Uncertainty propagation and reliability evaluation, being the crucial parts of engineering system analysis, play vital roles in safety assessment. How to reasonably consider the complex multisource uncertainty behavior in both static and dynamic systems is paramount to ensuring their safe operation. However, there is a significant lack of research on aleatory and epistemic uncertainties for both static and dynamic systems. To this end, a new hybrid exponential model is proposed by combining probabilistic and non-probabilistic exponential models, which aims to accurately measure the uncertainty propagation and reliability evaluation problem with aleatory and epistemic uncertainties for static and dynamic systems.
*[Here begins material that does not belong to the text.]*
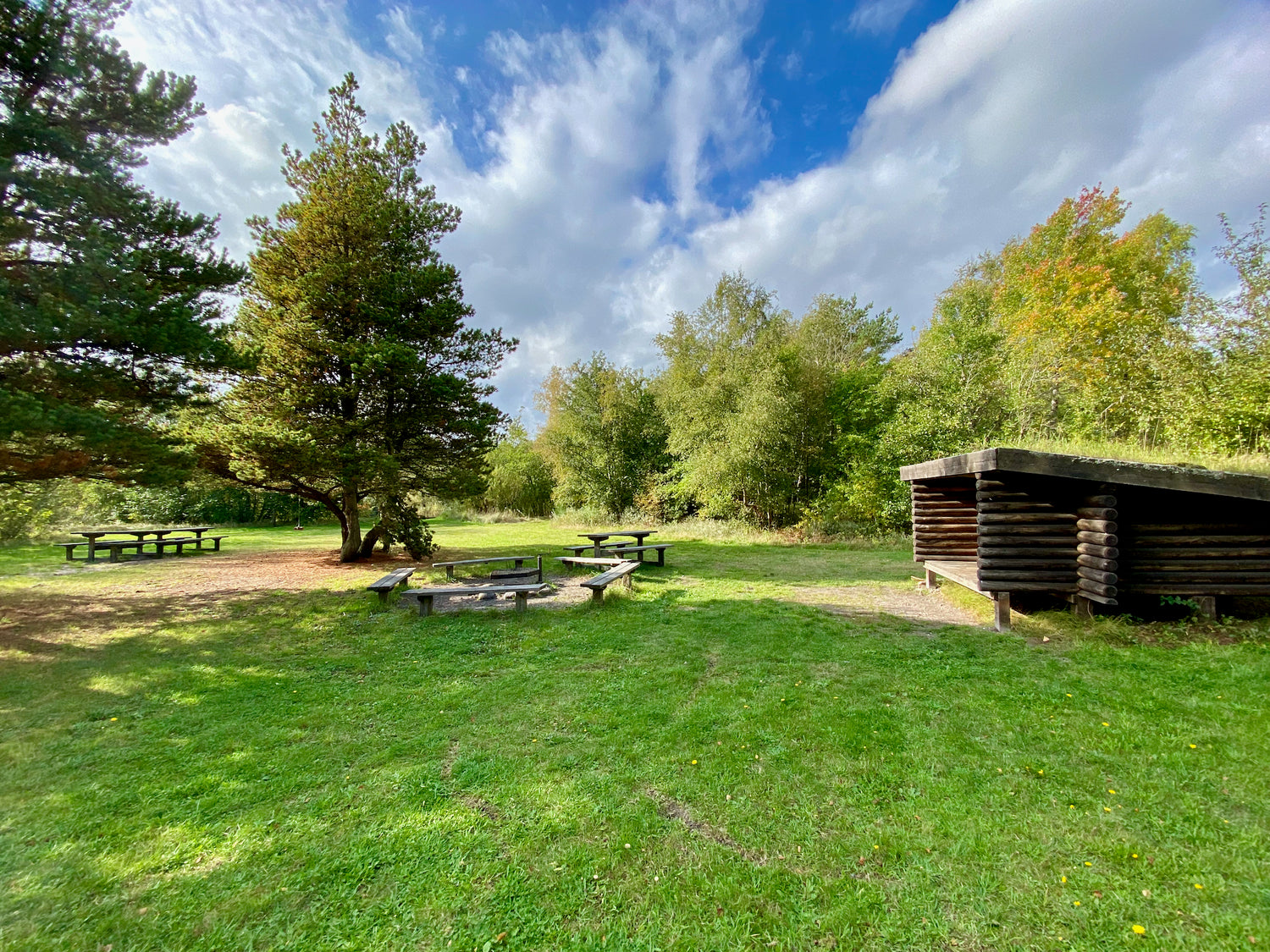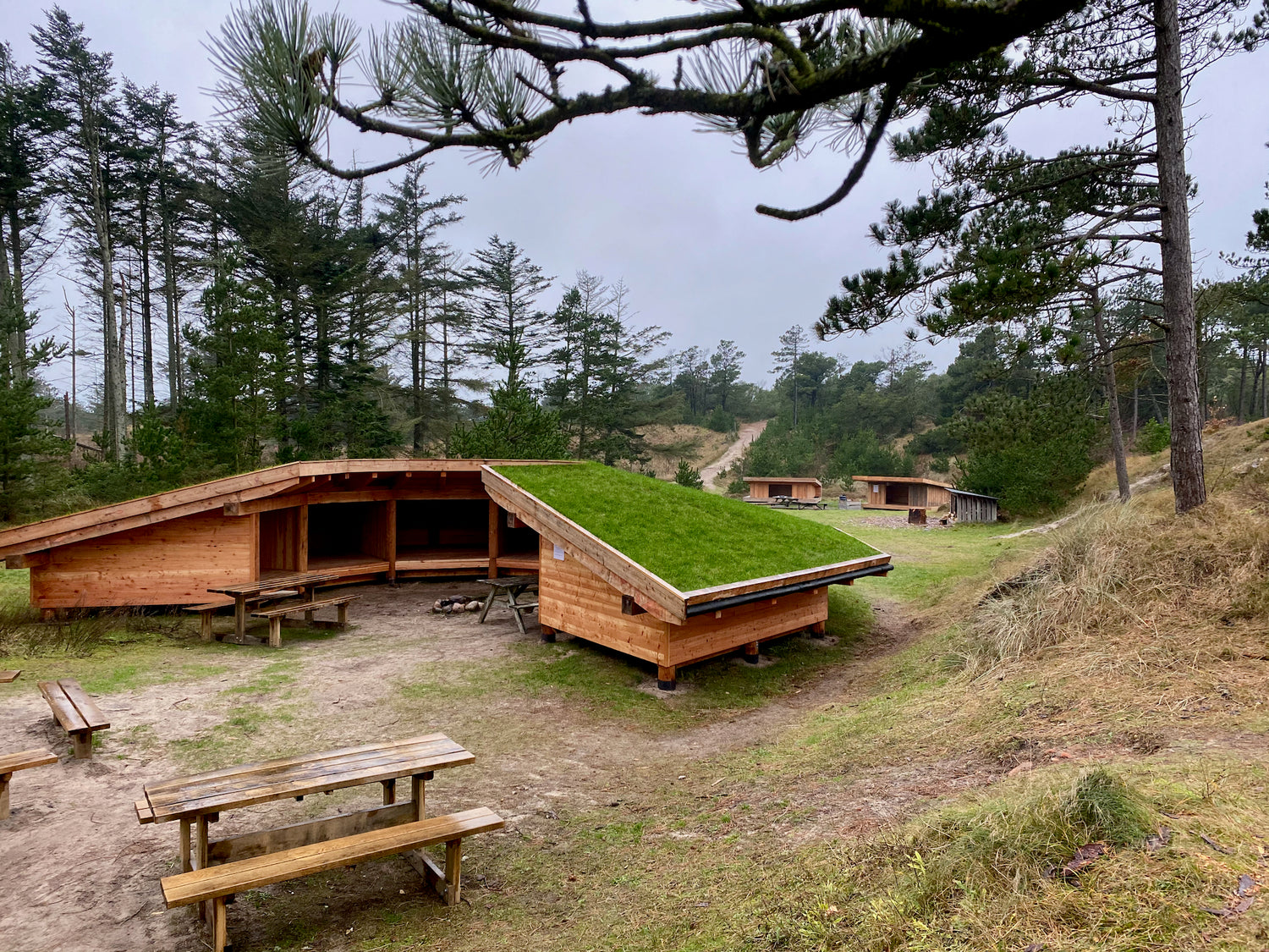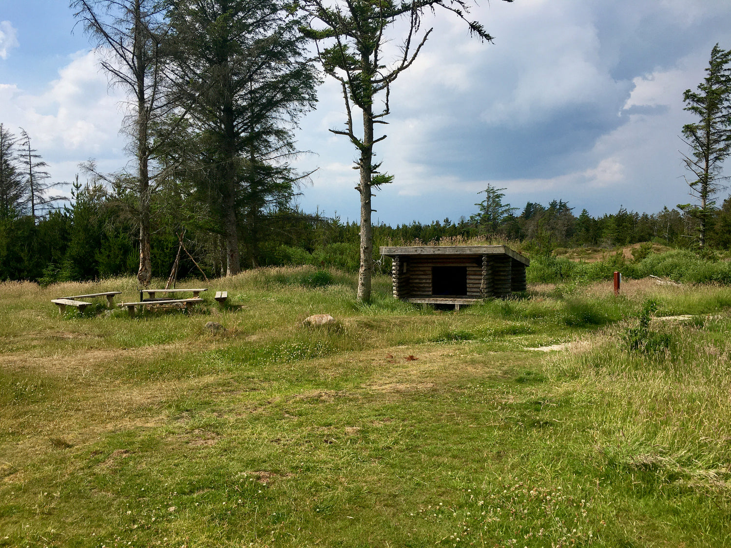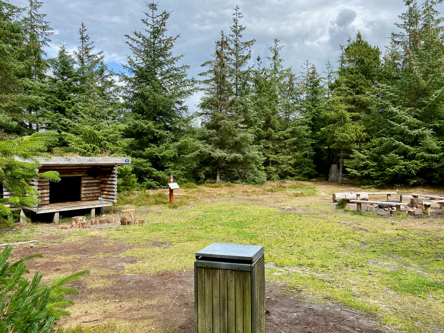 Det store shelter på lejrpladsen ved Lodbjerg Fyr ligger på en åben plads omkranset af fyrretræer kun 200 m nordvest for fyret.

The proposed hybrid exponential model consists of nested double optimization loops. The outer loop performs a probabilistic analysis based on the direct probability integral method, and the inner loop performs a non-probabilistic computation. Then, a new hybrid exponential probability integral method is developed to effectively perform uncertainty propagation and reliability analysis. Finally, four examples, including two static and two dynamic examples with complex performance functions, are tested. The results indicate that the proposed hybrid exponential model offers a universal tool for uncertainty quantification in static and dynamic systems. Moreover, the hybrid exponential probability integral method can accurately and efficiently obtain the upper and lower bounds of the probability density function and cumulative distribution function.